Task to carry out. In the entries below, find the line with "Invitación de cumpleaños de" and the line with "AKU lančana testera"; copy them and every line between them exactly, but not the pictures.

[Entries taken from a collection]

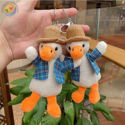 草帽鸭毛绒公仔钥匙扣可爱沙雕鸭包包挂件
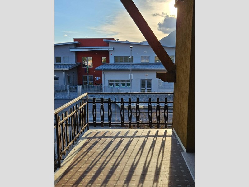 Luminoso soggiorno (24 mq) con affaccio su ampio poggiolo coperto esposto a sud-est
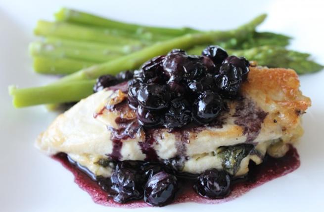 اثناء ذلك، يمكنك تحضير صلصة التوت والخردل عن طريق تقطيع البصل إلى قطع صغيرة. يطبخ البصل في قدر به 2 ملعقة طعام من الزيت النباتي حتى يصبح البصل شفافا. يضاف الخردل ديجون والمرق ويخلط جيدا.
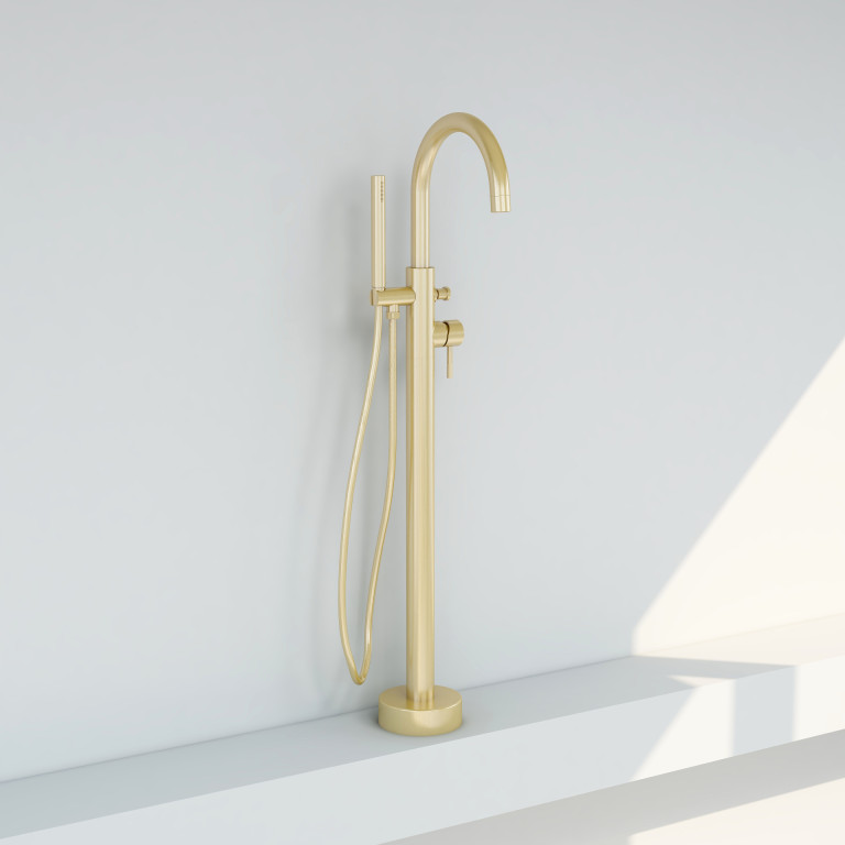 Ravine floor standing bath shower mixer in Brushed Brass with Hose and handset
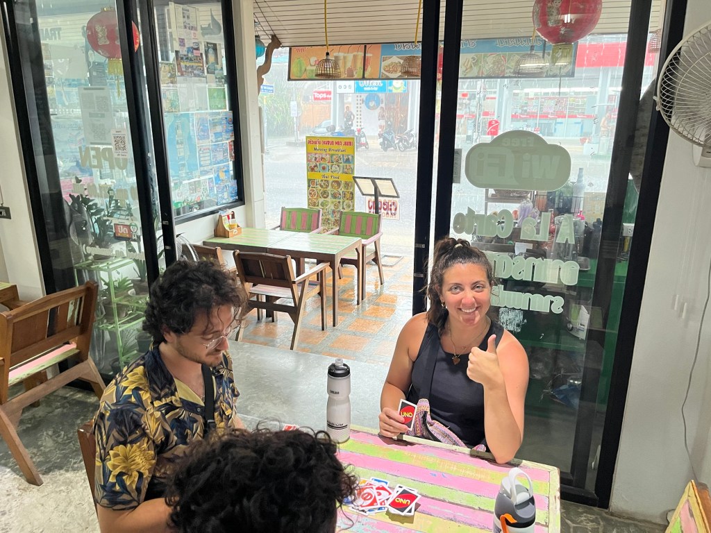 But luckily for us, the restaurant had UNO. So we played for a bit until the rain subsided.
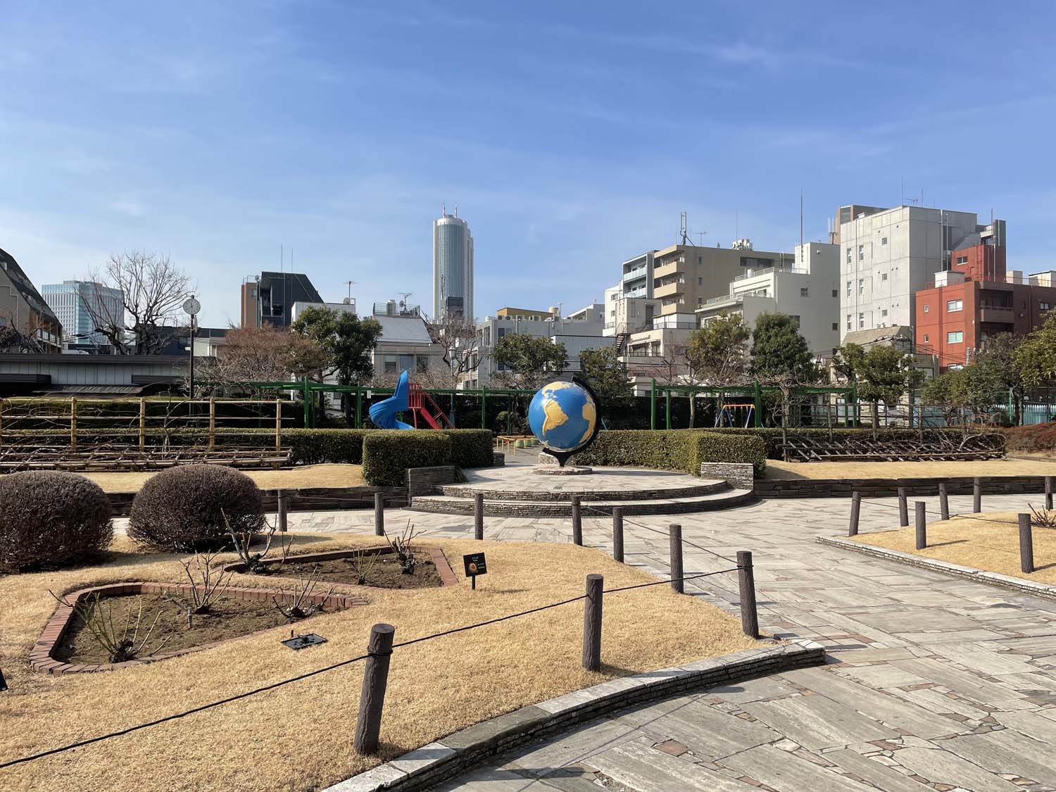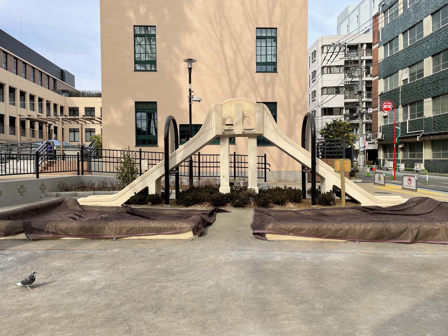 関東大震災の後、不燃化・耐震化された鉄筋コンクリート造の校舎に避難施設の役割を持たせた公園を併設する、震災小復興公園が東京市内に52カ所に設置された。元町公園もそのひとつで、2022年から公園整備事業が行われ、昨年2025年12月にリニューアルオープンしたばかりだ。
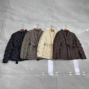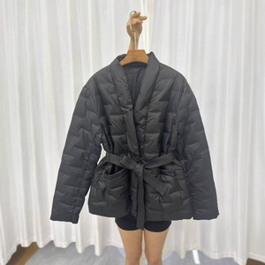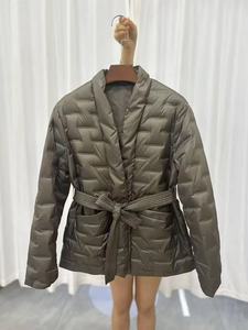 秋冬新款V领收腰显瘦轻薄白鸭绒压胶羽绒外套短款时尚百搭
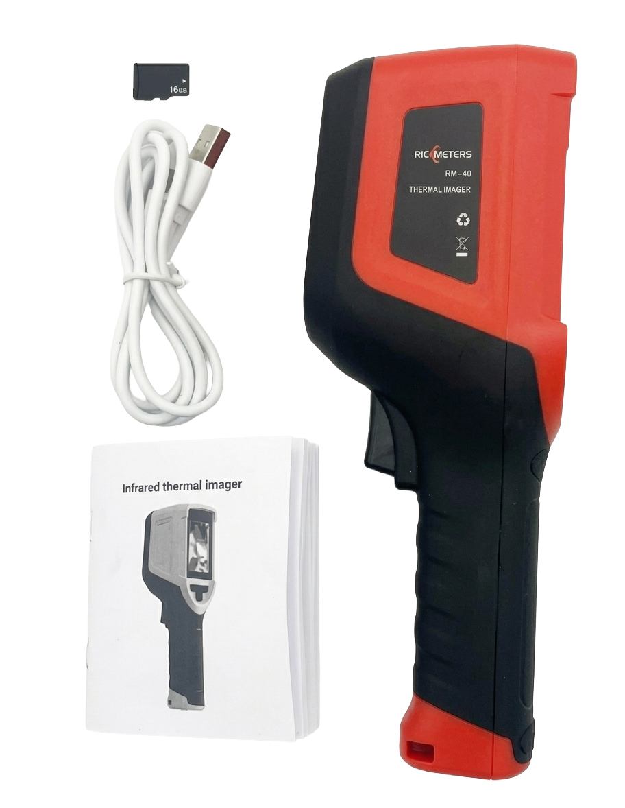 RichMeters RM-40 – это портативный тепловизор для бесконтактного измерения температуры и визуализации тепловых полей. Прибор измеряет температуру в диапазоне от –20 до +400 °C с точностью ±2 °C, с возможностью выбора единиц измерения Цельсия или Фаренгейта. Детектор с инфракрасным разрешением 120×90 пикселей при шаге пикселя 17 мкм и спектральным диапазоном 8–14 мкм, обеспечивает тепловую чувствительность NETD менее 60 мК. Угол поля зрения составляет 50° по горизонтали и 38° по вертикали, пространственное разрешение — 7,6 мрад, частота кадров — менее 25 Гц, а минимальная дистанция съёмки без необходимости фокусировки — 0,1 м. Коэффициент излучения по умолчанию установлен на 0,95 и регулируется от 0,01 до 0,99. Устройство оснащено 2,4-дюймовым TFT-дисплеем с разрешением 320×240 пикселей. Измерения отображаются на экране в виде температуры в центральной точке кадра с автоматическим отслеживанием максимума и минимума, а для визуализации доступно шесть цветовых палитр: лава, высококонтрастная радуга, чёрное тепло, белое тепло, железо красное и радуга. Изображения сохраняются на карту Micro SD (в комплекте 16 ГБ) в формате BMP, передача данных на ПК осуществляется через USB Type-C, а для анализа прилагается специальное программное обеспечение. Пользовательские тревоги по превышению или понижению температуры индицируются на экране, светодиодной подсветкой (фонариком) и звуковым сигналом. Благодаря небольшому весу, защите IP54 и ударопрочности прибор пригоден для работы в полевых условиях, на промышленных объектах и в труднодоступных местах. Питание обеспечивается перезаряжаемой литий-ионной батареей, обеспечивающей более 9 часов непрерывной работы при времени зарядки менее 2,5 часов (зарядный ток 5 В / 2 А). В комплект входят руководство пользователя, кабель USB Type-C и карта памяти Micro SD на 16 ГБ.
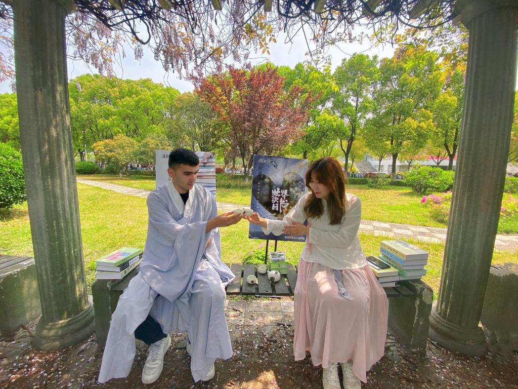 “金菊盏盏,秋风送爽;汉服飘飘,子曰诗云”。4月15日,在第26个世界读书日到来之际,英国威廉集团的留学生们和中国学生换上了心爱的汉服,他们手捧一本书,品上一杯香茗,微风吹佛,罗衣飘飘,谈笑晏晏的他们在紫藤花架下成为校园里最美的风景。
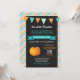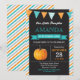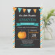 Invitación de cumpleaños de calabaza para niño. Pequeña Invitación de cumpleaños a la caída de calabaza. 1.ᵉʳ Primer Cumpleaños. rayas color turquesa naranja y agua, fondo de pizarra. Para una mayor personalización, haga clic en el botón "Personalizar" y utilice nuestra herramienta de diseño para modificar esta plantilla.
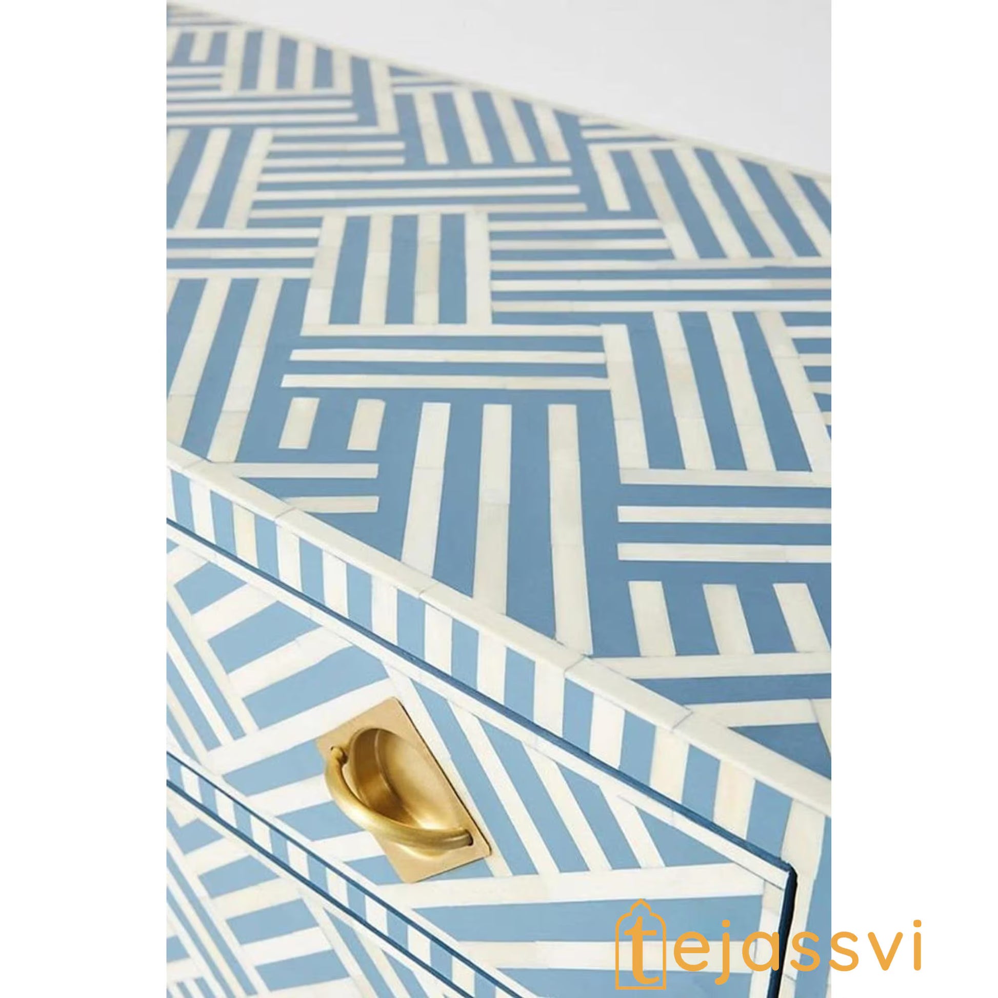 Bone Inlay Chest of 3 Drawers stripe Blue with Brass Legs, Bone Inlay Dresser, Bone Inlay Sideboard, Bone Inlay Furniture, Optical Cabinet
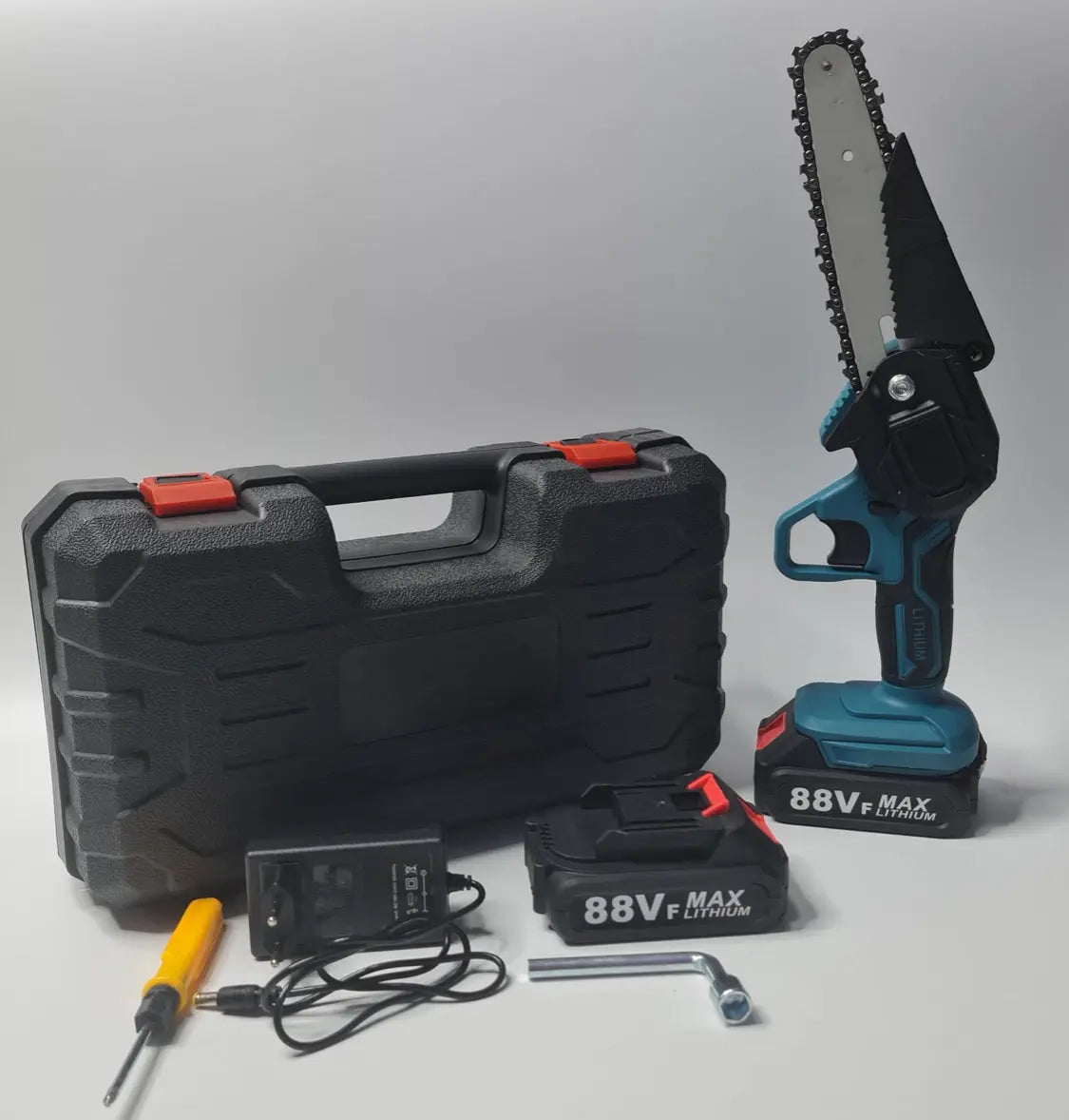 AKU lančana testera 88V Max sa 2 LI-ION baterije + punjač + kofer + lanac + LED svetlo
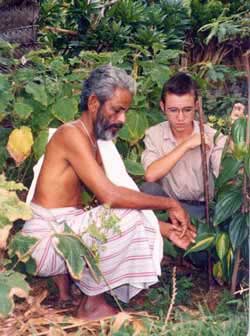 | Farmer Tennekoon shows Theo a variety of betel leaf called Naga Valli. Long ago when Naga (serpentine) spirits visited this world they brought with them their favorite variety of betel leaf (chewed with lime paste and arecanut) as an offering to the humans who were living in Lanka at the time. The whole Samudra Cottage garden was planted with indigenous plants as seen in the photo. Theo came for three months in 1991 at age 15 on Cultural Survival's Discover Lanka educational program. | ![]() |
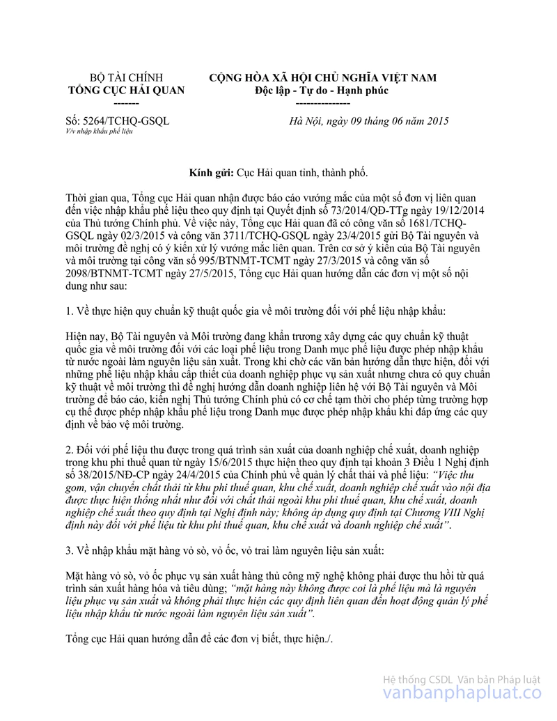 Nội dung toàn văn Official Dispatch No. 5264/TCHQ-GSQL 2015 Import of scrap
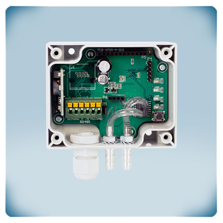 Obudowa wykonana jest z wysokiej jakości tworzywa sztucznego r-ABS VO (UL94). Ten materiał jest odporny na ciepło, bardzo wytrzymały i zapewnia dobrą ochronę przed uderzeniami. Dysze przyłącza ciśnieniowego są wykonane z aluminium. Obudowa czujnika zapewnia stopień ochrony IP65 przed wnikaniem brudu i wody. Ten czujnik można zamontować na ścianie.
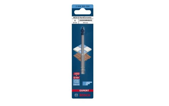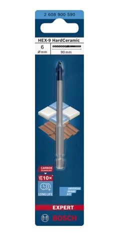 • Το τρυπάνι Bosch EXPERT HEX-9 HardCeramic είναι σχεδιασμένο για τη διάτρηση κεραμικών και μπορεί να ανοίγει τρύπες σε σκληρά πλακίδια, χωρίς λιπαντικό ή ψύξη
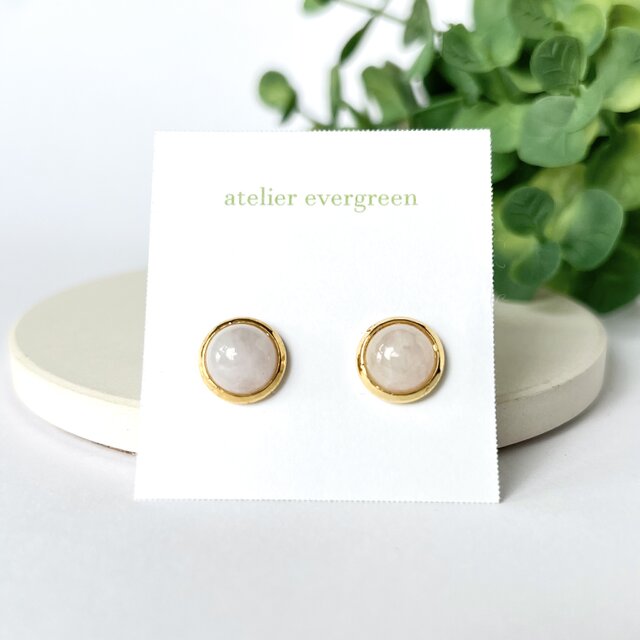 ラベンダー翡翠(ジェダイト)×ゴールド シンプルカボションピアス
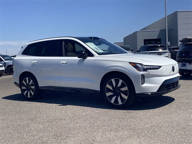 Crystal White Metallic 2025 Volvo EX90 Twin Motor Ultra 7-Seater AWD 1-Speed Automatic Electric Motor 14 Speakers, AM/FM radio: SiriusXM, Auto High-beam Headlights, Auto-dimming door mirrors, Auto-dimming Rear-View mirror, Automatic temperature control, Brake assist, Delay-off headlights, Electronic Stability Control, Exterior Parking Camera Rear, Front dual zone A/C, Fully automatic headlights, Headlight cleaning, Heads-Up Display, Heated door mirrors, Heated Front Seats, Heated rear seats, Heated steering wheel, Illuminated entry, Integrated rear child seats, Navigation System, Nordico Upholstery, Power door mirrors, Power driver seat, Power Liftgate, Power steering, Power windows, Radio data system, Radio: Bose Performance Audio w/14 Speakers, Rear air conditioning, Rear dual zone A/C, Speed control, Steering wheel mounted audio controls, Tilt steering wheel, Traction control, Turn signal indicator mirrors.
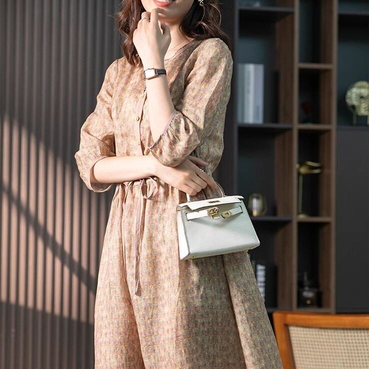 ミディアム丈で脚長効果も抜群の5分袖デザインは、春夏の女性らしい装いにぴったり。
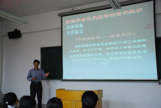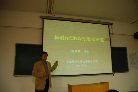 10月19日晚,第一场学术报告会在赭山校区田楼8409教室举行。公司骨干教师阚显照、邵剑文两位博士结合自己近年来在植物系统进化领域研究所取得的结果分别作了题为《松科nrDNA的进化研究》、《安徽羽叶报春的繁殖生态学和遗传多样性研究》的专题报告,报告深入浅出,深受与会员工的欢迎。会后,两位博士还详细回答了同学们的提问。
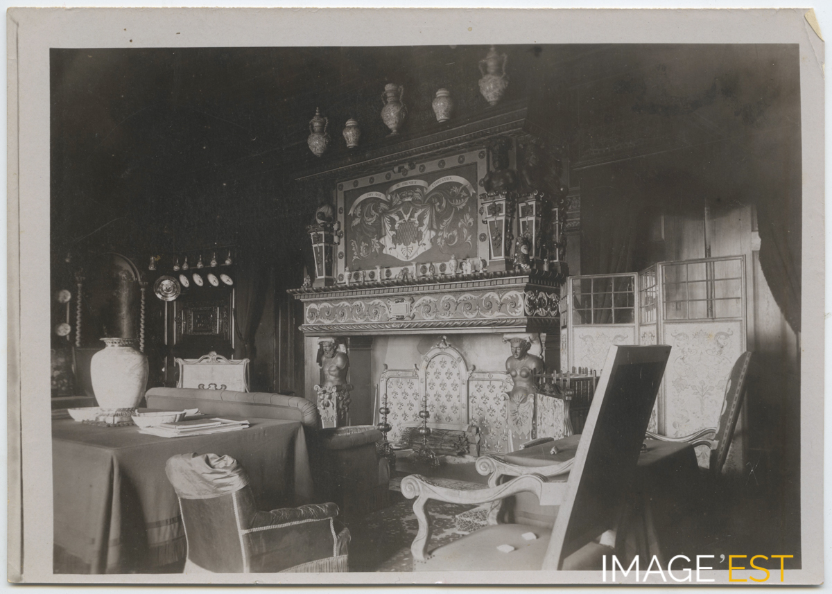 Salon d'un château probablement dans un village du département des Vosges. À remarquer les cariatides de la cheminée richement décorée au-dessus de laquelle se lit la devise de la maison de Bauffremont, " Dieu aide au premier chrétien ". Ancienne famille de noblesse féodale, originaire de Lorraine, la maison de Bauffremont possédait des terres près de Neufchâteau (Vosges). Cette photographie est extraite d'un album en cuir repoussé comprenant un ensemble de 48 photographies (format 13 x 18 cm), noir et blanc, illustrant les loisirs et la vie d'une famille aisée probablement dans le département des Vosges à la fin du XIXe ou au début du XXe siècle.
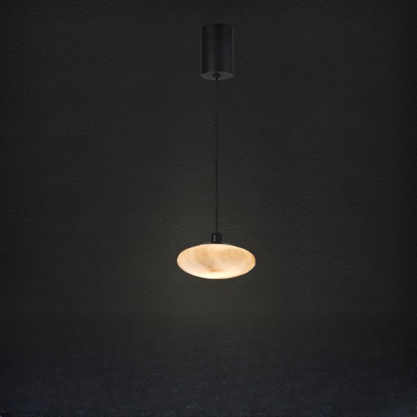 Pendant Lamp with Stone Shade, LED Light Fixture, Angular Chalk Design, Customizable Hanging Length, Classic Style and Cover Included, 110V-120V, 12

Expected output.
 Invitación de cumpleaños de calabaza para niño. Pequeña Invitación de cumpleaños a la caída de calabaza. 1.ᵉʳ Primer Cumpleaños. rayas color turquesa naranja y agua, fondo de pizarra. Para una mayor personalización, haga clic en el botón "Personalizar" y utilice nuestra herramienta de diseño para modificar esta plantilla.
 Bone Inlay Chest of 3 Drawers stripe Blue with Brass Legs, Bone Inlay Dresser, Bone Inlay Sideboard, Bone Inlay Furniture, Optical Cabinet
 AKU lančana testera 88V Max sa 2 LI-ION baterije + punjač + kofer + lanac + LED svetlo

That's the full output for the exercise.